───── Entries provided

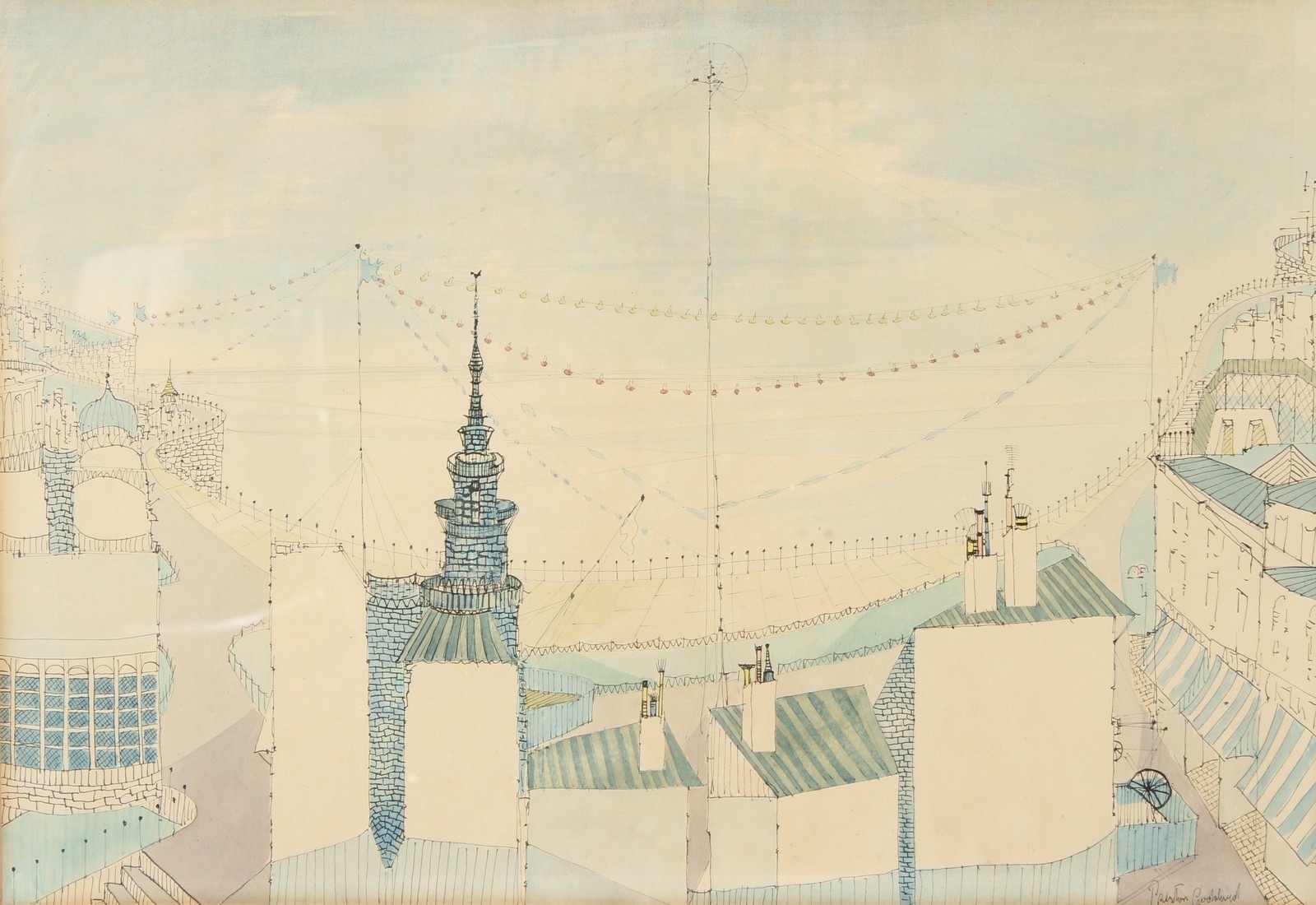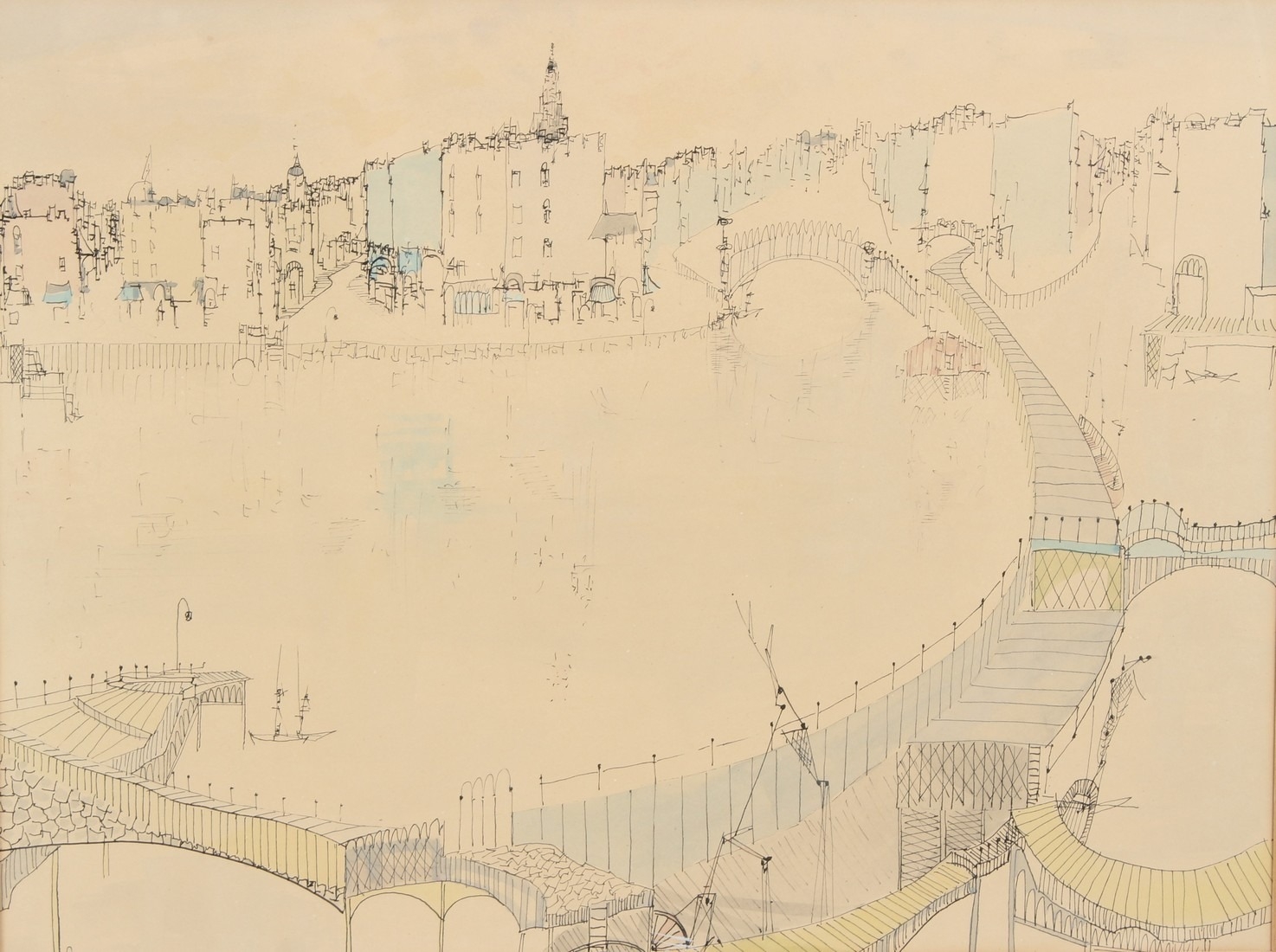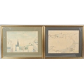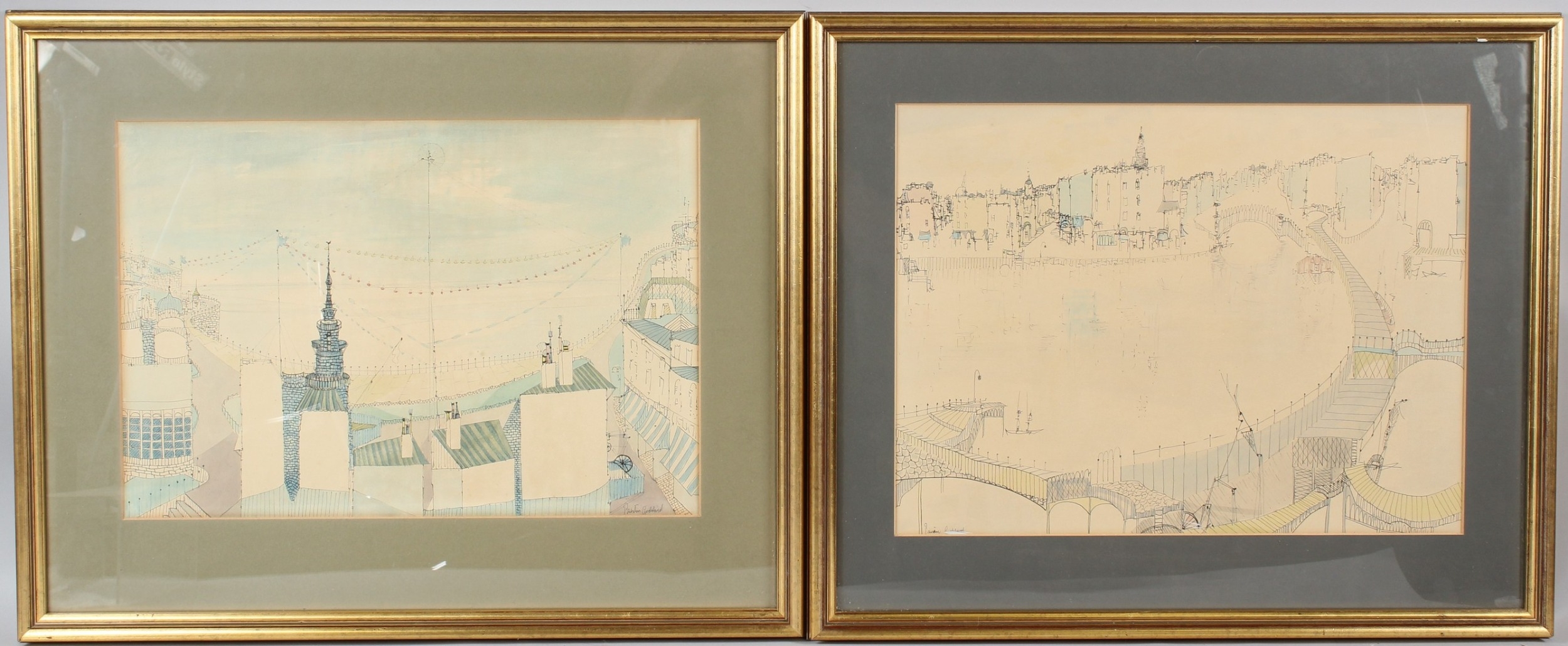 PRESTON GODDARD (1928-2009) Harbour view and another coastal scene two ink and wash drawings both signed 33 x 43.5cm and 30 x 44cm (2)
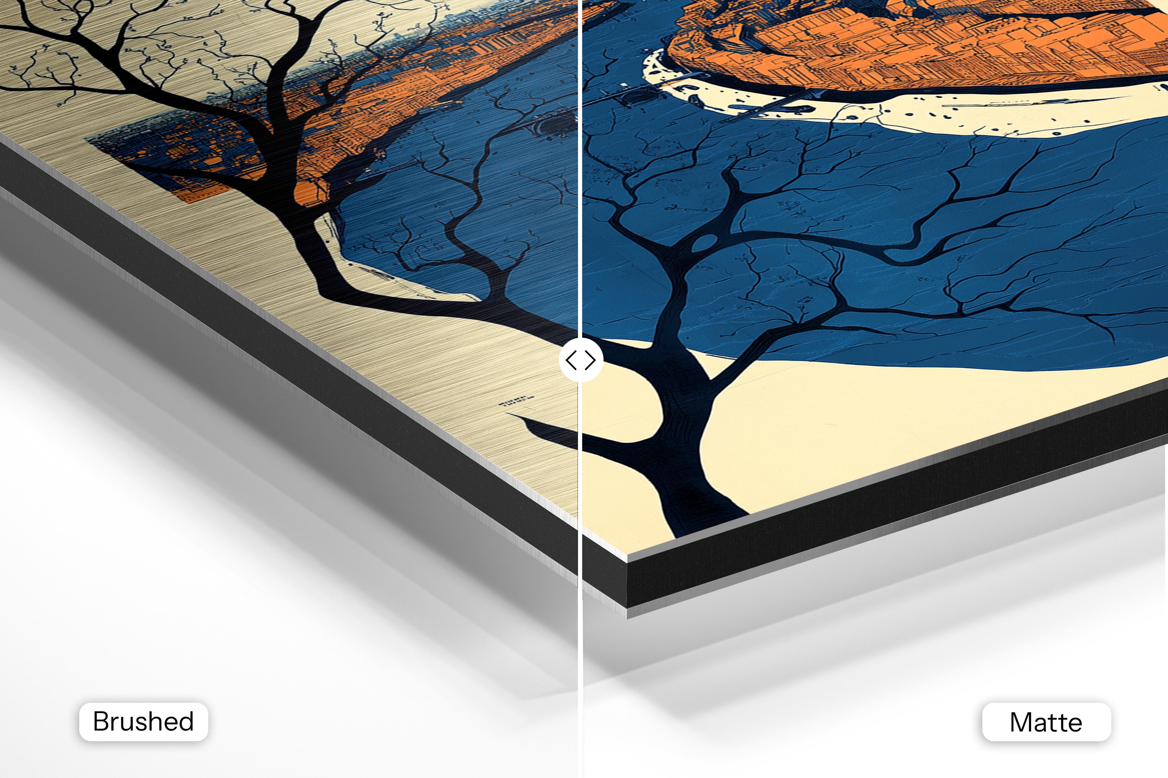 - Brushed Aluminum, on the other hand, features a raw metallic texture with visible brush strokes. Whites and highlights in your image let the silver surface show through, adding a dramatic, shimmering effect. Ideal for black-and-white images, minimalist designs, or abstract art, it creates a bold, industrial vibe with a modern edge.
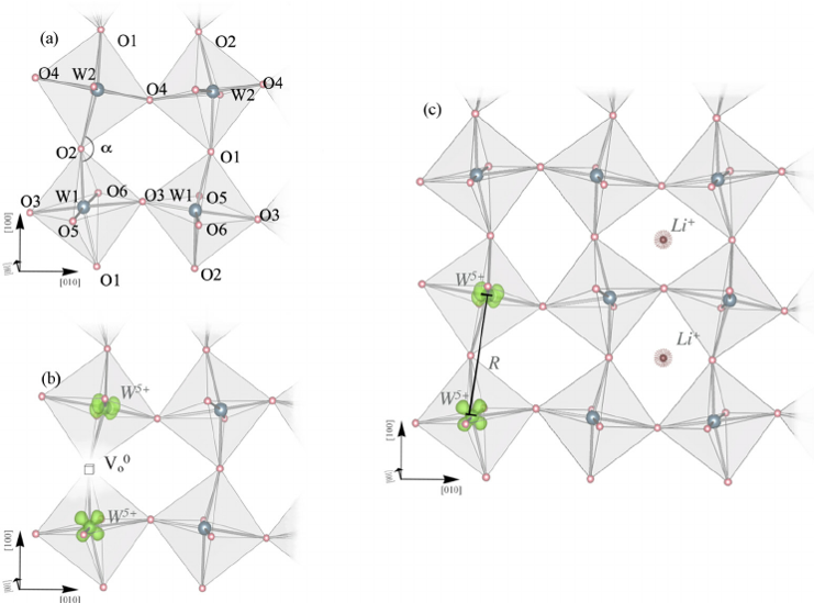 전압을 가해서 환원 반응으로 생긴 폴라론은 빛을 투과시키지 않고 흡수한다. 폴라론은 격자 사이를 자유롭게 이동할 수 있으니 광흡수를 통해 에너지를 받으면서 격자 사이를 계속 이동하는 것. 즉, 변색은 폴라론 전이에 의한 광흡수다.
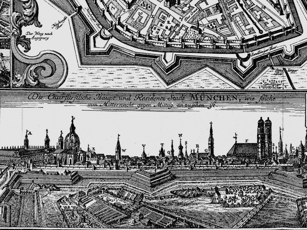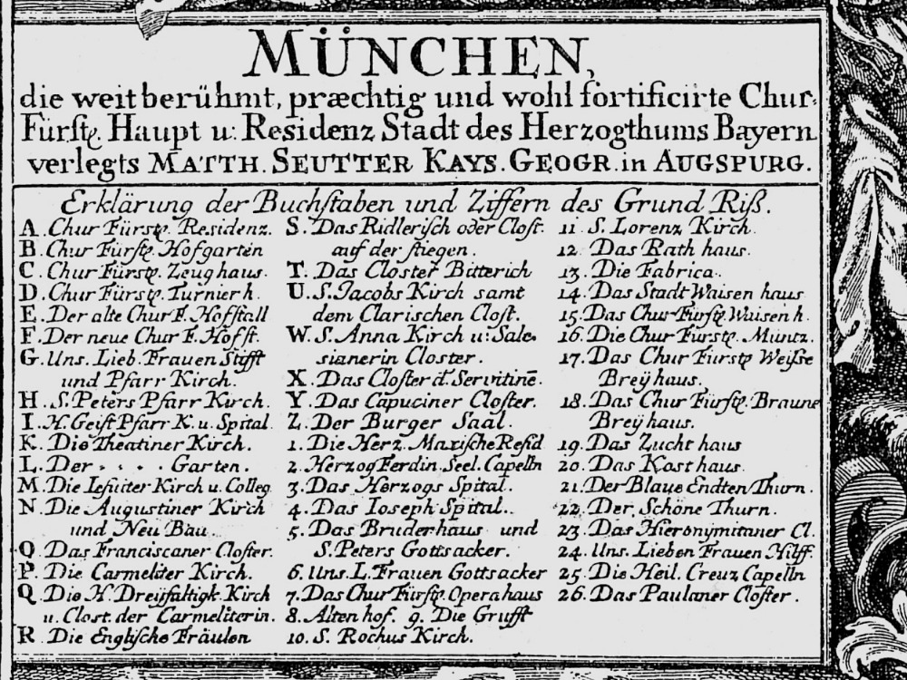 Large plan of the city of Munich by Matthäus Seutter from 1740. Shows city fortification and individual buildings, as well as a detailed key. To the left is a small inset view of Nymphenburg Castle and in the lower third a panorama of the city.
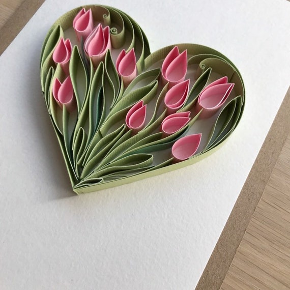 Quilling Heart Quilled Tulips Heart Wedding Handcrafted Etsy
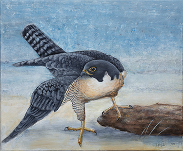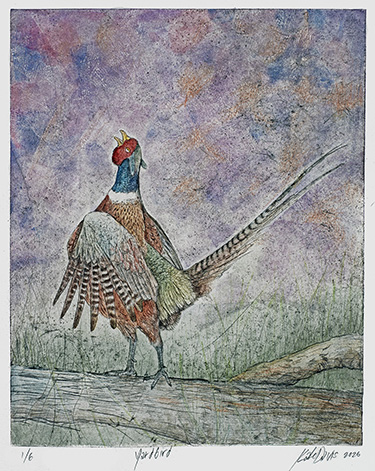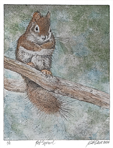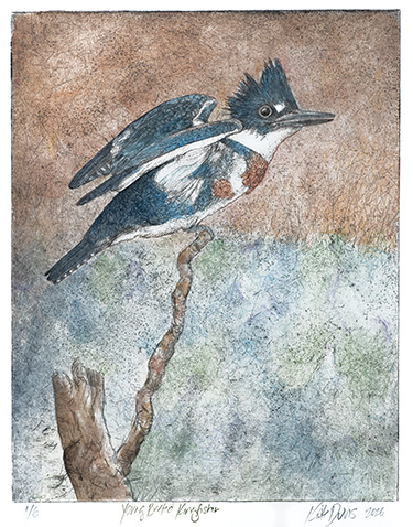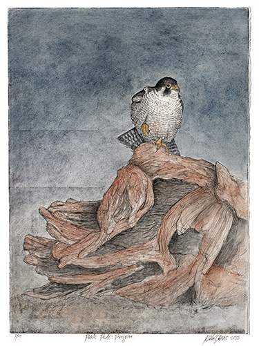 Kate Davis has been actively involved in wildlife art since 1975 when her pen and ink drawings were first published in the Cincinnati Zoo News. She is an internationally recognized wildlife artist and a national award-winning taxidermist. The source and inspiration for Kate's depictions are birds in the wild and the resident eagles, hawks, owls, and falcons of Raptors of the Rockies, both past and present. Back in 2004 Kate began welding metal bird sculptures under the tutelage of Bill Ohrmann. Sculpture frames are made with 1/4 inch rounds, then 16 gauge steel pieces are cut with a plasma cutter, shaped by pounding with a hammer, and attached with a wire-feed welder. The garage has been transformed into a welding studio and resident birds have been great models. In 1989, Kate began creating zinc plate etchings in an independent printmaking class with Don Bunse at the U of M. The metal plate is coated with a ground, image drawn in with a needle and aquatint values added with spray paints. It is etched in a bath of nitric acid, plate washed with solvents, repeat. The print "MEFE" had 12 trips in the acid! After a nearly 20-year hiatus, Kate is back at the printmaking projects, drypoint etchings at home now. Images are drawn on a special plastic (PETG) with a utility knife, background inks rolled on with a brayer, run through the press. Then the real fun - painting with gouache. Inks are water-based and can be washed in the sink, way easier, and safer. She is now exploring the world of Claybord - painting and etching combined.
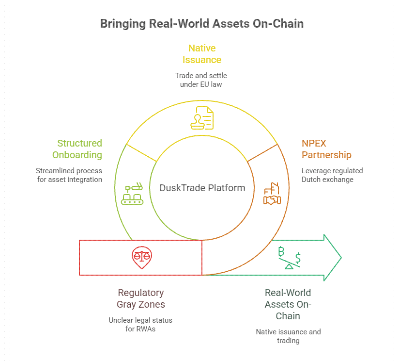 DuskTrade no es una idea de libro blanco. Es un producto que se está construyendo con NPEX, una bolsa regulada holandesa que posee licencias MTF, Broker y ECSP.
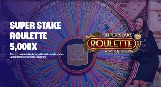 Super Stake Roulette is a live dealer game of European Roulette with Multipliers ranging from 50x to 1000x. There is also a bonus round that can pay up to 5000x
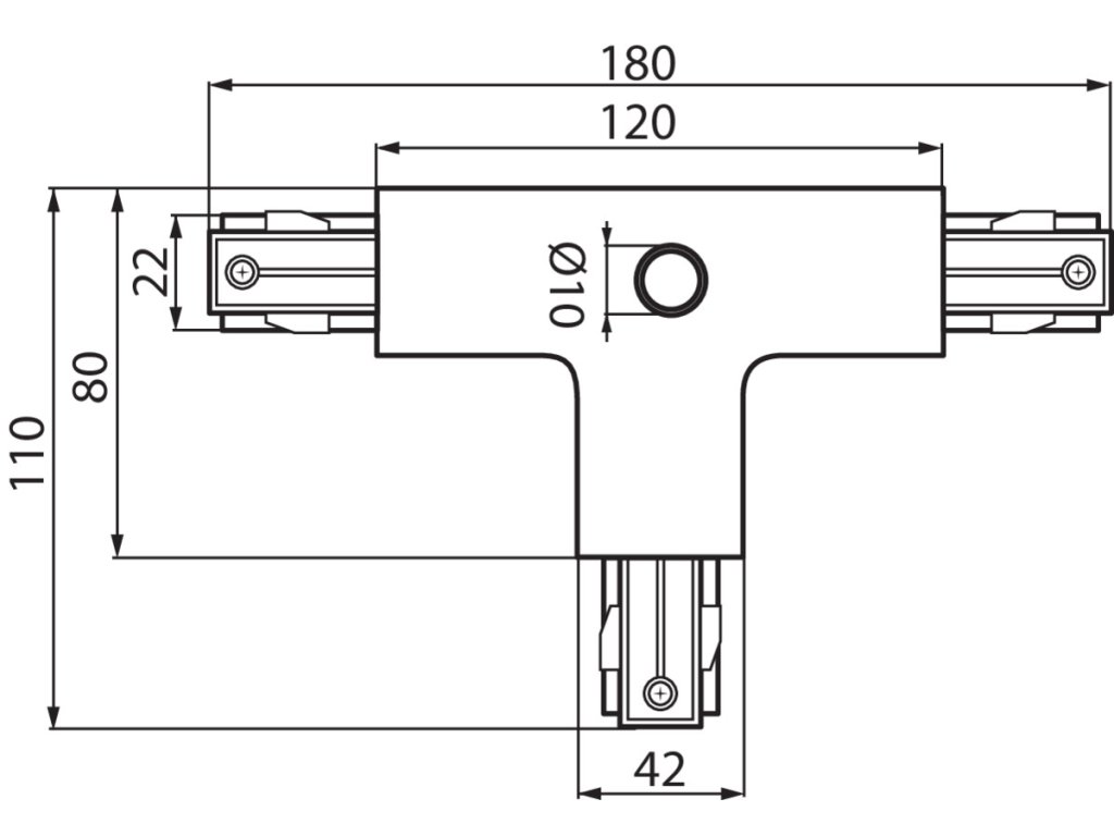Součásti lištového kolejnicového vedení, napájené 220-240V~50/60Hz. Přípojka ve tvaru T pravá.Dodatočné parametre

──────────

- **Assignment**
The result should be the listing above, restated exactly, with no pictures in it.

- **Task output**
 PRESTON GODDARD (1928-2009) Harbour view and another coastal scene two ink and wash drawings both signed 33 x 43.5cm and 30 x 44cm (2)
 - Brushed Aluminum, on the other hand, features a raw metallic texture with visible brush strokes. Whites and highlights in your image let the silver surface show through, adding a dramatic, shimmering effect. Ideal for black-and-white images, minimalist designs, or abstract art, it creates a bold, industrial vibe with a modern edge.
 전압을 가해서 환원 반응으로 생긴 폴라론은 빛을 투과시키지 않고 흡수한다. 폴라론은 격자 사이를 자유롭게 이동할 수 있으니 광흡수를 통해 에너지를 받으면서 격자 사이를 계속 이동하는 것. 즉, 변색은 폴라론 전이에 의한 광흡수다.
 Large plan of the city of Munich by Matthäus Seutter from 1740. Shows city fortification and individual buildings, as well as a detailed key. To the left is a small inset view of Nymphenburg Castle and in the lower third a panorama of the city.
 Quilling Heart Quilled Tulips Heart Wedding Handcrafted Etsy
 Kate Davis has been actively involved in wildlife art since 1975 when her pen and ink drawings were first published in the Cincinnati Zoo News. She is an internationally recognized wildlife artist and a national award-winning taxidermist. The source and inspiration for Kate's depictions are birds in the wild and the resident eagles, hawks, owls, and falcons of Raptors of the Rockies, both past and present. Back in 2004 Kate began welding metal bird sculptures under the tutelage of Bill Ohrmann. Sculpture frames are made with 1/4 inch rounds, then 16 gauge steel pieces are cut with a plasma cutter, shaped by pounding with a hammer, and attached with a wire-feed welder. The garage has been transformed into a welding studio and resident birds have been great models. In 1989, Kate began creating zinc plate etchings in an independent printmaking class with Don Bunse at the U of M. The metal plate is coated with a ground, image drawn in with a needle and aquatint values added with spray paints. It is etched in a bath of nitric acid, plate washed with solvents, repeat. The print "MEFE" had 12 trips in the acid! After a nearly 20-year hiatus, Kate is back at the printmaking projects, drypoint etchings at home now. Images are drawn on a special plastic (PETG) with a utility knife, background inks rolled on with a brayer, run through the press. Then the real fun - painting with gouache. Inks are water-based and can be washed in the sink, way easier, and safer. She is now exploring the world of Claybord - painting and etching combined.
 DuskTrade no es una idea de libro blanco. Es un producto que se está construyendo con NPEX, una bolsa regulada holandesa que posee licencias MTF, Broker y ECSP.
 Super Stake Roulette is a live dealer game of European Roulette with Multipliers ranging from 50x to 1000x. There is also a bonus round that can pay up to 5000x
Součásti lištového kolejnicového vedení, napájené 220-240V~50/60Hz. Přípojka ve tvaru T pravá.Dodatočné parametre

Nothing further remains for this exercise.